Abortion reform Irish style - Women still have no rights over their own bodies, continue to travel to the UK for procedure


She has the right to appeal a refusal and her appeal will have to be heard within seven days by a review panel of three different doctors -- again two psychiatrists and an obstetrician or gynecologist -- who will make the final decision.

So what does all this amount to?  In the first two scenarios in physical medical cases, there is almost no change.  Irish hospitals already carry out abortions in the very rare cases where continuing a pregnancy poses an immediate threat to the life of a mother for physical medical reasons.  The only change is that in non-emergency cases, doctors now have more certainty that a longer-term risk to the life of the mother may justify an abortion at an earlier stage.

So would this have saved Savita Halappanavar?   Probably not, because in the two days when she was requesting a termination the doctors in the Galway hospital had not diagnosed her sepsis.  

Even if they had, under the proposed law a termination could not have begun unless the doctors decided that there was a real and substantial threat to her life.   Although we know that sepsis can be deadly, we also know that most cases can be treated successfully with antibiotics.  

So we are back to the old problem -- when is a risk to the life of the mother, as opposed to merely her health, real and substantial?  

The new law does not make this clearer.  Instead it leaves it to doctors to decide. 

It is, of course, the third scenario, in which the threat to the life of the mother is from suicide, that poses the greatest problems.  

Because this is seen as the way in which widespread abortion was introduced in other countries, many people and politicians here are worried that a claim to be suicidal could be used by women who wanted an abortion for other reasons and who were not genuinely suicidal.

To calm these fears, the government has made this third scenario the most restrictive of all, requiring a unanimous decision by three doctors -- two psychiatrists and an obstetrician.

Why does it need more than one psychiatrist to decide if a woman is suicidal?  The answer is it doesn't.  

And why does one of the three have to be an obstetrician?

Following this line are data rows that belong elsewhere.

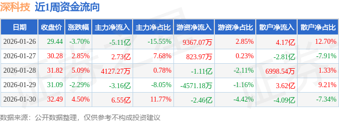 资金流向数据方面,本周深科技主力资金合计净流入1.42亿元,游资资金合计净流出3.01亿元,散户资金合计净流入1.6亿元。本周资金流向一览见下表:
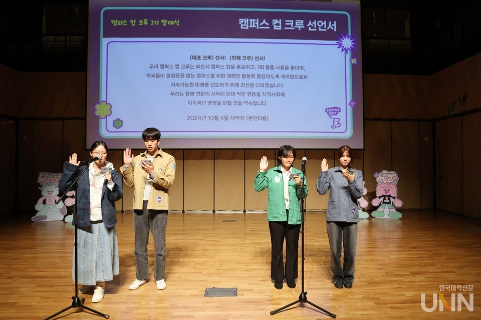 [한국대학신문 이정환 기자] 가톨릭대학교(총장 원종철)가 1회용품 없는 부천시를 만드는 대표 대학으로 앞장선다. 지난 4일 부천시 아트센터 소공연장에서 열린 ‘부천시 캠퍼스컵 크루 1기 발대식’에서 가톨릭대 재학생 15명이 친환경 서포터즈로 최종 선발돼 본격적인 활동을 시작했다.
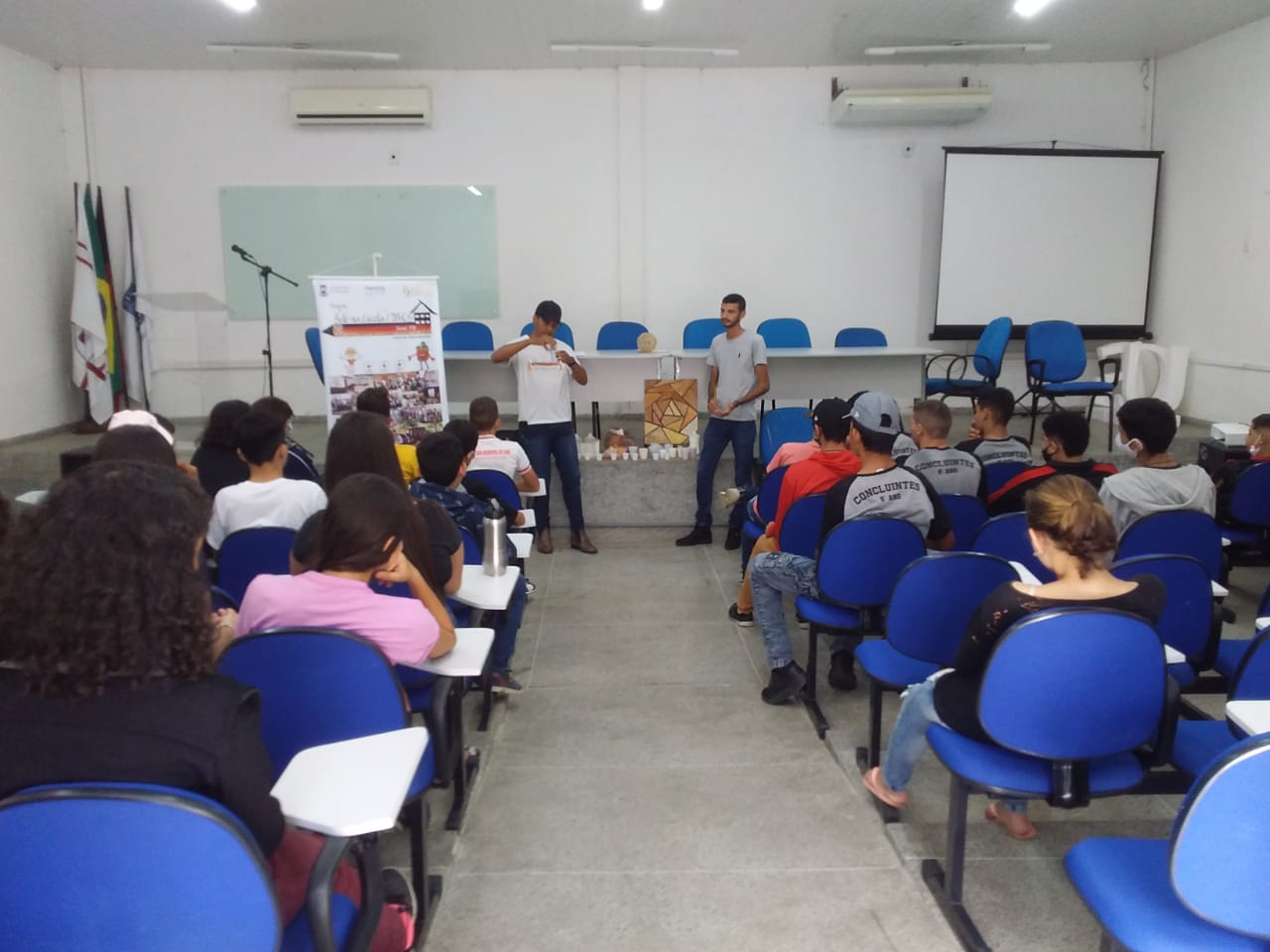 Como parte das atividades de comemoração à Semana do Meio Ambiente, monitores do Projeto Solo na Escola/UFCG do Centro de Desenvolvimento Sustentável do Semiárido da UFCG, alunos do curso de Agroecologia: Ilton Pereira e Rogerio Andrade e o Tecnólogo em Agroecologia Ivson Sousa, integrante do Grupo de Pesquisa Educação em Solos (CNPq), recepcionaram no Espaço Pedagógico de Educação em Solos (CDSA) os estudantes do 8° e 9° anos do Programa Educare da Escola Presidente Vargas, acompanhados pelos professores Alisson Clauber e Cleomaria Gonçalves.
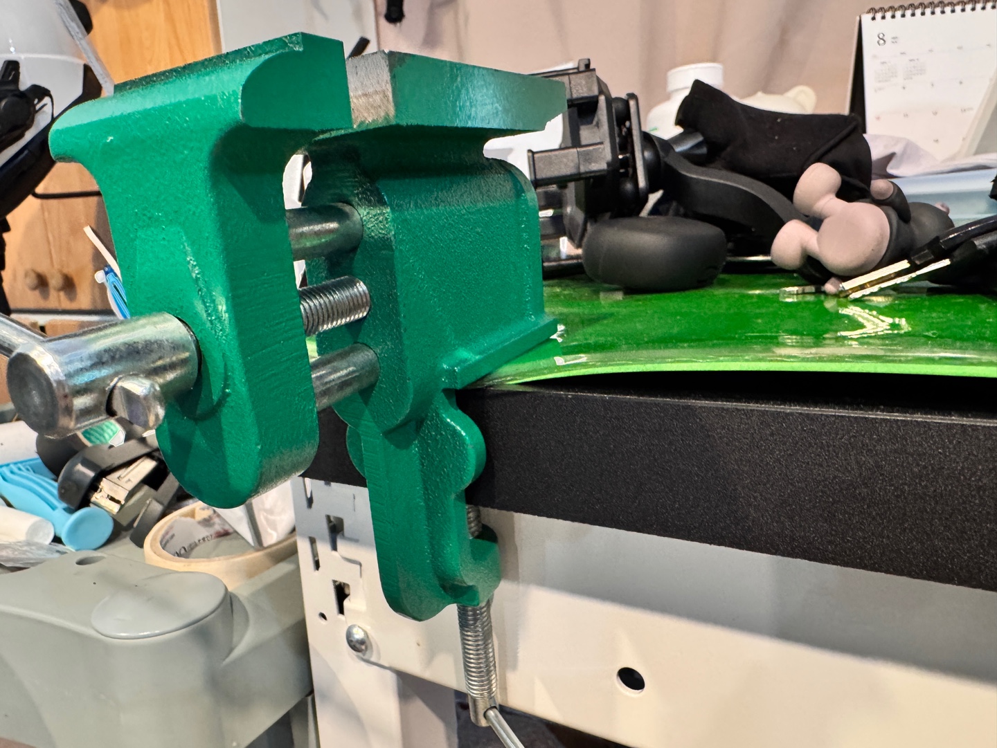 제가 설치할 때는 두께 4cm 정도의 나무 책상에 고정했는데, 흔들림 없이 단단히 고정되었습니다. 금속 책상이나 공방용 작업대에도 문제없이 사용할 수 있을 것 같아요. 다만, 고정할 면이 너무 얇거나 약한 재질이라면 클램프 자국이 남을 수 있으니, 필요하다면 얇은 고무판이나 나무 조각을 사이에 끼워주는 게 좋습니다.
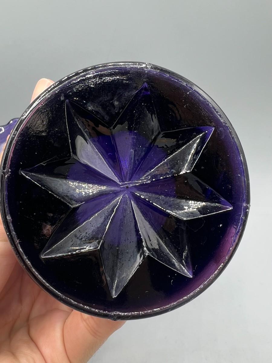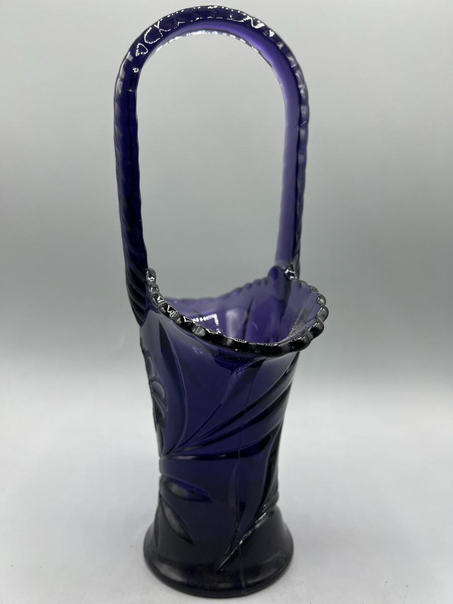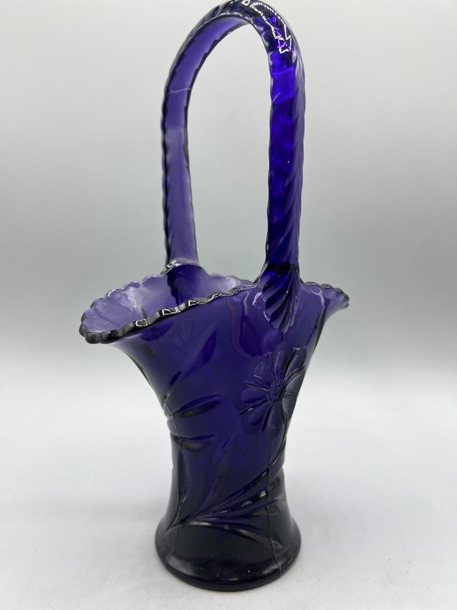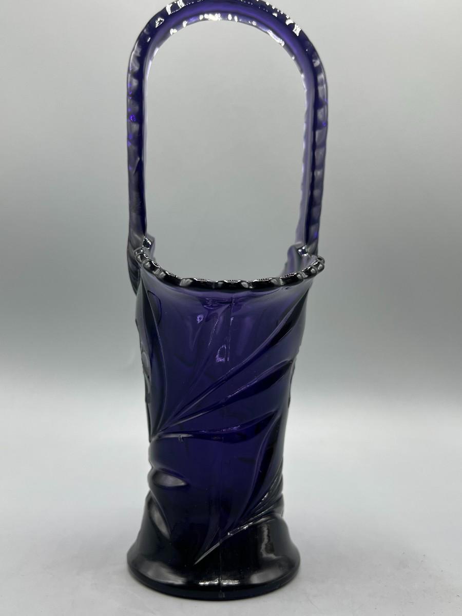Vintage Thick Art Glass Cobalt Purple Flower Basket Centerpiece Decor
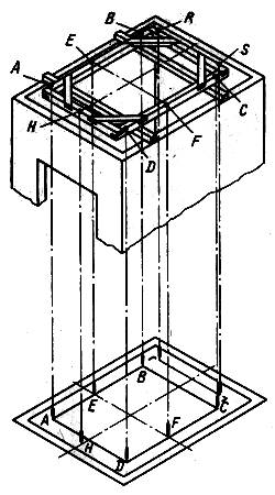 4) закрепление на углах шаблона четырех отвесов и стальной проволоки диаметром 1,2 мм и опускание их в приямок;
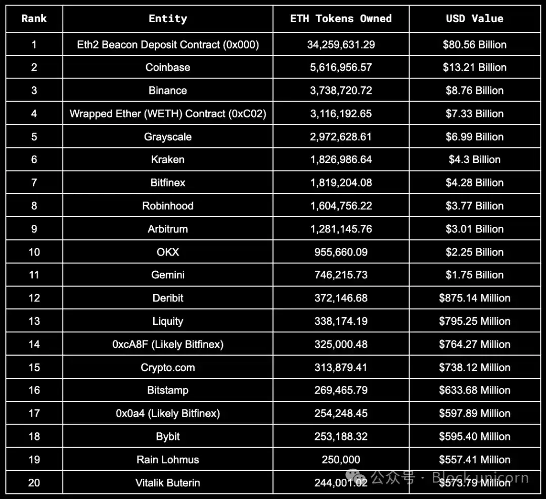 下表显示了截至撰写本文时按实体排名的前 20 名 ETH 持有者:

An obstetrician is not a specialist in psychiatric assessment. 

You could have a situation where the two psychiatrists say the woman is suicidal and the obstetrician says no.  Obviously this make no sense.

And if a woman is highly stressed and feeling panicky and suicidal, is she really going to be in a fit state to put her case to three doctors she does not know?  If she is turned down, is she going to feel mentally strong enough to cope with putting the case to another three doctors?  

The reality is that many women, especially young women, who find themselves in a crisis pregnancy situation find it difficult even to talk to their own doctor or their family doctor.

A lot of this makes very little sense from a physical or psychiatric point of view.  But it does make a lot of sense from a political point of view.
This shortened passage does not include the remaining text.